Streamlit also helps us in intermittent demos, where the final UI is not yet finalised, but you want to quickly try some UI and make changes, quickly to get signed with the stakeholders. It also doesn’t need extra installation other than the Streamlit package, providing quicker and hassle-free installations.

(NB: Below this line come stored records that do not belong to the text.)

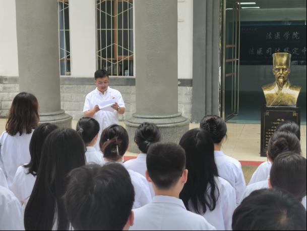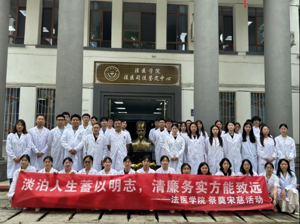 为缅怀法医学鼻祖宋慈,弘扬廉洁法治精神,6月12日上午,三亿在北校区法医楼前举行了“淡泊人生蓄以明志,清廉务实方能致远”毕业致敬活动。法医学2019级员工陈蔼主持了此次活动,三亿副经理兼法医司法鉴定中心主任夏冰、法医司法鉴定中心副主任汪元河、员工科科长郑艳华、各科室教师代表以及三亿2024届本科和硕士毕业生参加了活动。
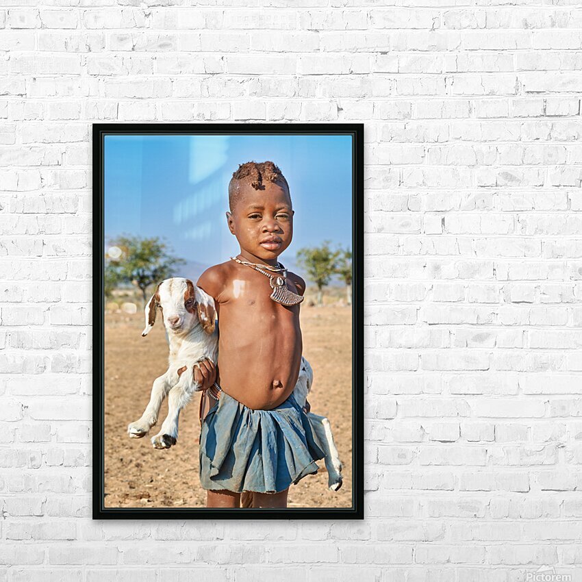 Get this artwork "Himba child holding a goat in Kunene Region of Namibia" in a framed print.
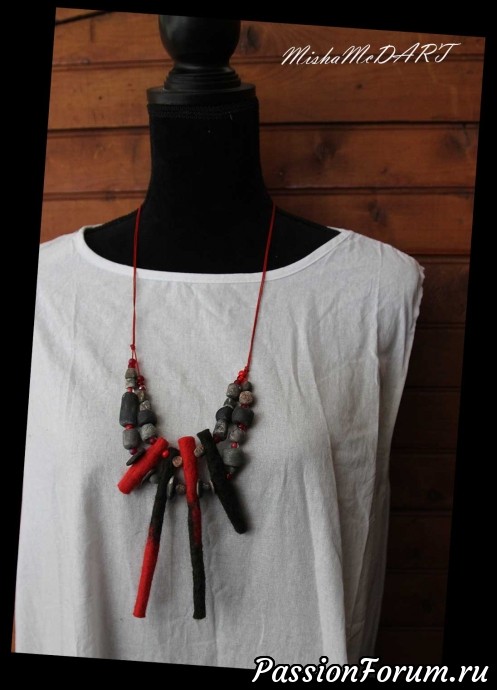 Колье выполнено из итальянского мериноса, полимерной глины, окрашенной вручную, крупного бисера. На тонком кожаном шнуре.
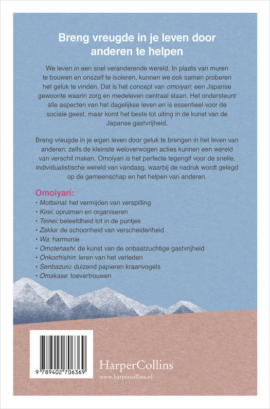 Breng vreugde in je eigen leven door geluk te brengen in het leven van anderen; zelfs de kleinste weloverwogen acties kunnen een wereld van verschil maken. Omoiyari is het perfecte tegengif voor de snelle, individualistische wereld van vandaag, waarbij de nadruk wordt gelegd op de gemeenschap en het helpen van anderen.

This instance underscores the adaptability of Streamlit in crafting visually attractive and user-centric applications without requiring extensive frontend expertise. Because of its robust capabilities and user-friendly interface, Streamlit effectively connects data science with tangible real-world outcomes, transforming machine learning models from mere code into instruments for meaningful change and interactive applications.